1 ) Luigi Pirandello come esempio di realtà molteplice e di autoanalisi spontanea.

Musatti nel 1987 pubblicò un libro, di alto valore didattico, in cui ripercorse la sua carriera di psicologo e psicoanalista.
Il tema principale dell’opera è enunciato nel titolo: “Curare nevrotici con la propria autoanalisi “.
Il maestro di una buona parte degli psicoanalisti italiani, mette in evidenza l’importanza dell’ interazione transfert -controtransfert, e in definitiva insiste sulla constatazione che ciò che noi percepiamo dell‘altro, a meno che non sia una pura descrizione di fatti, lo possiamo cogliere solamente nel riflesso che produce in noi stessi.
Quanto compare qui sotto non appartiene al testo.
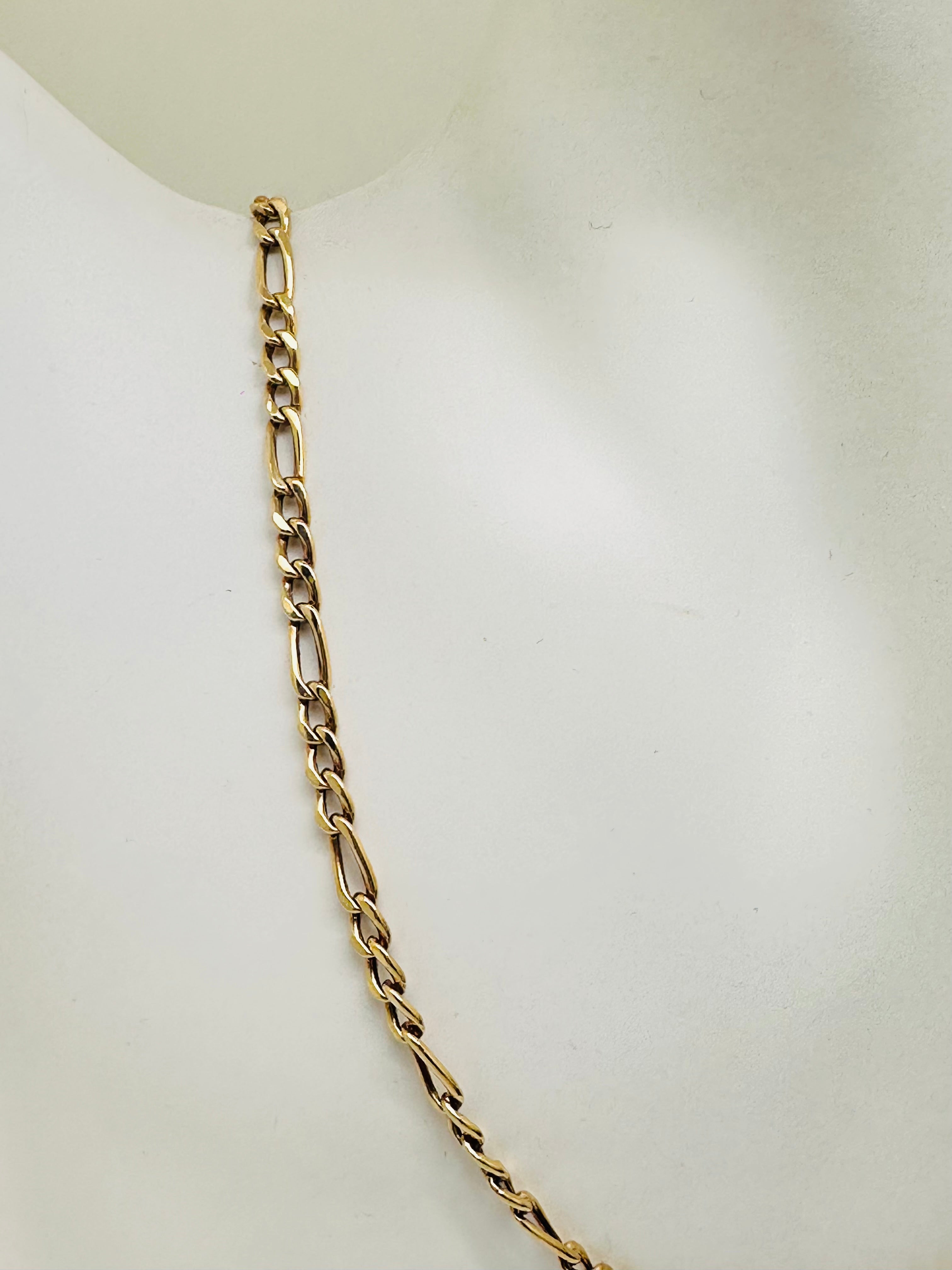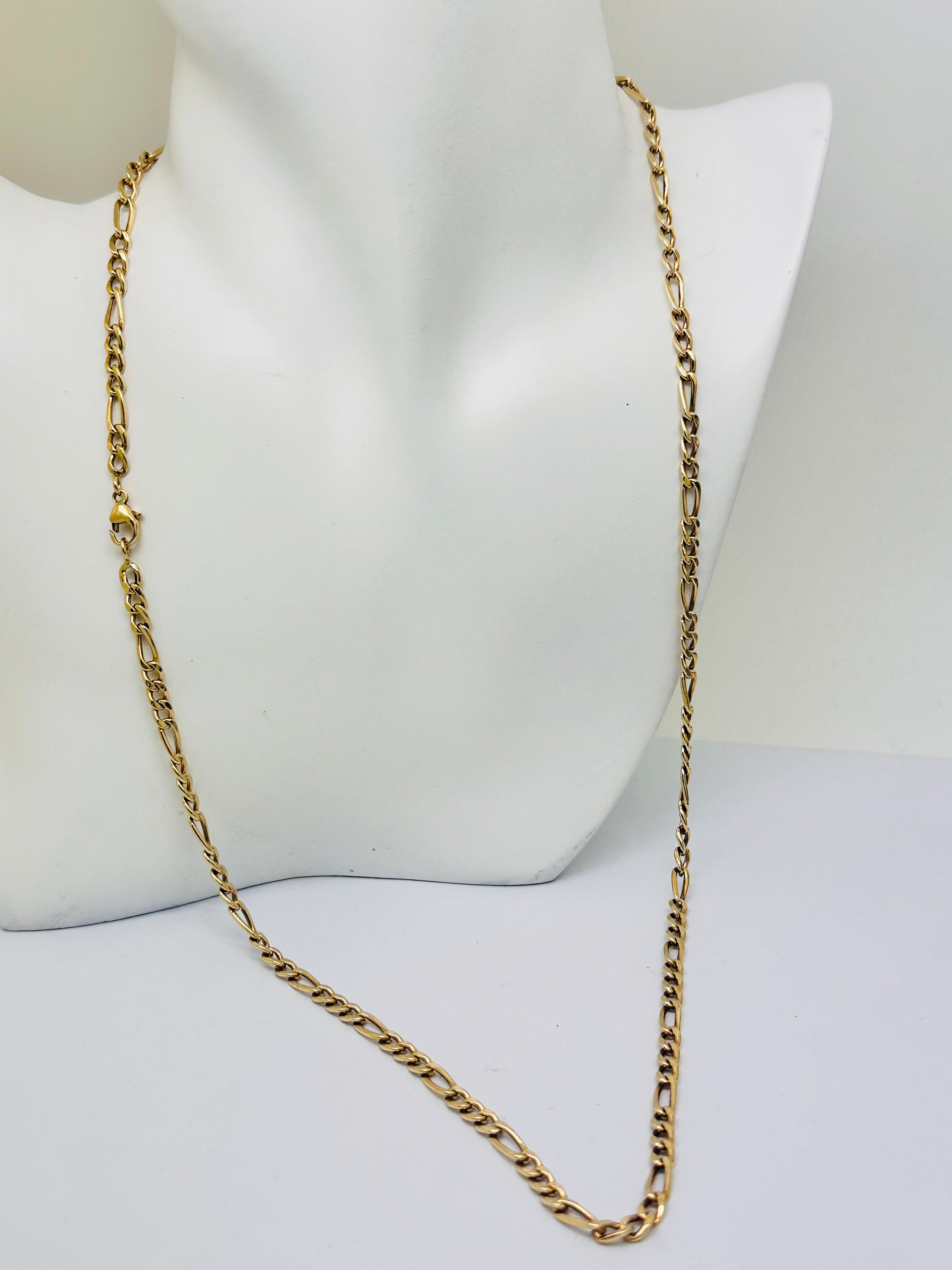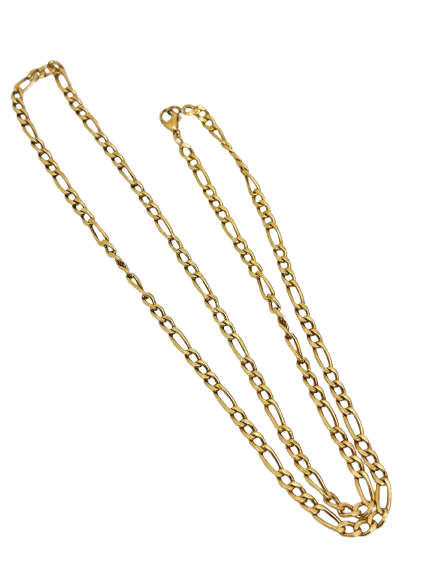 Sautoir élégant en or jaune 18K avec maille Figaro, longueur 65 cm et largeur 3 mm. Léger et raffiné, il apporte une touche sophistiquée à votre style au quotidien ou pour des occasions spéciales.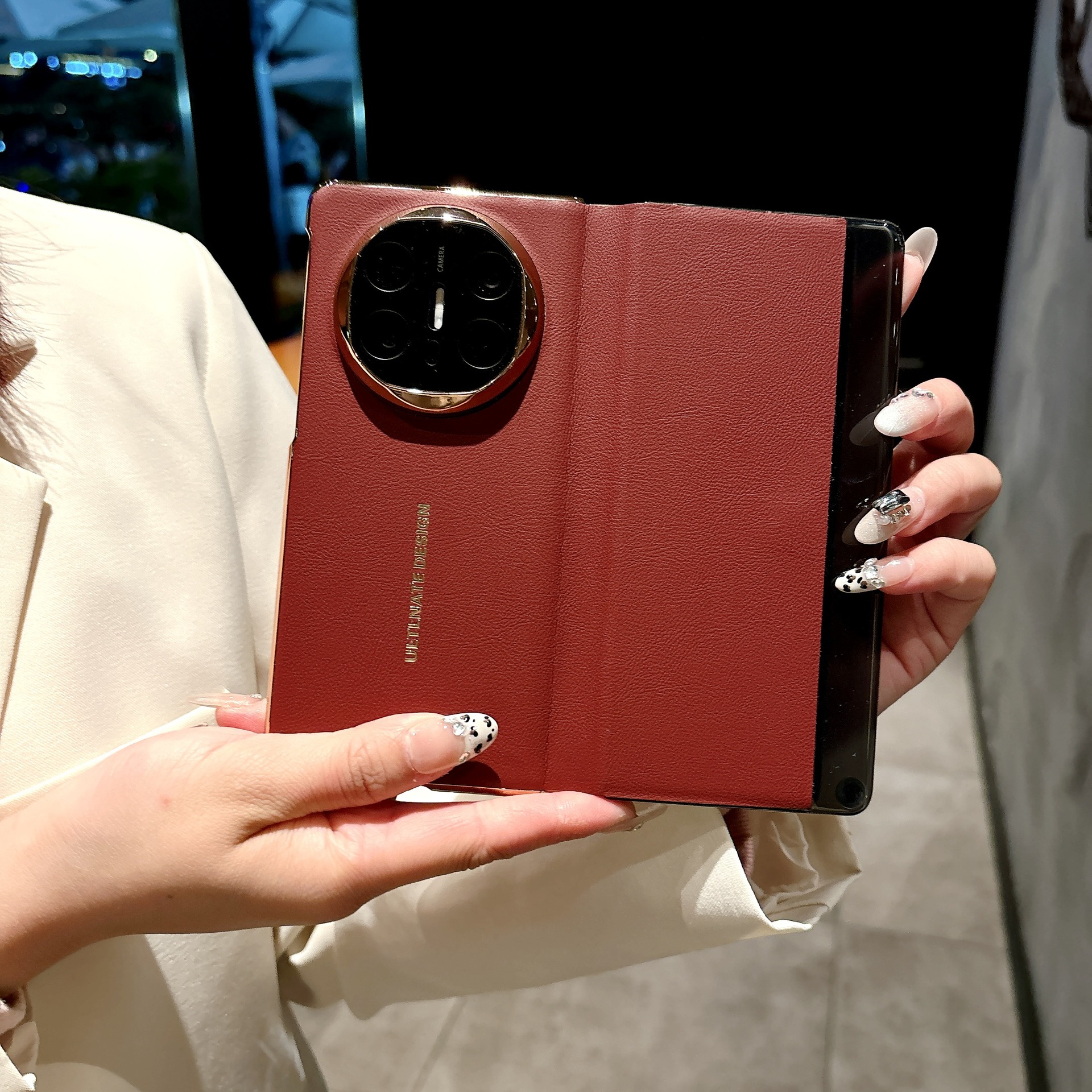 适用华为x5手机壳折叠matex3复古棕色皮质matex5典藏版包中轴防摔

Io sono convinto di questo e vorrei parlarne sia in riferimento ad un grande genio italiano, Luigi Pirandello, sia a me stesso (mi si perdoni la supponenza) nella mia pratica di seduta. Non sono un esperto del teatro di Pirandello ma è sufficiente leggere “Così è ( se vi pare)”, per rendersi conto che il punto di vista dell’autore è quello di dimostrare la relatività della verità.
Laudisi (Pirandello ), rivolto alla signora Agazzi si fa guardare e toccare un braccio e le dice : “E’ sicura anche lei di toccarmi come mi vede ?… Ma per carità non dica a suo marito, né a mia sorella né a mia nipote, né alla signora qua, come mi vede, perché tutt’e quattro altrimenti le diranno che lei si inganna. Mentre lei non si inganna affatto ! Perché io sono realmente come mi vede lei – Ma ciò non toglie cara signora mia, che io non sia anche realmente come mi vede suo marito, mia sorella, mia nipote e la signora qua, che anche loro non s’ingannano affatto”.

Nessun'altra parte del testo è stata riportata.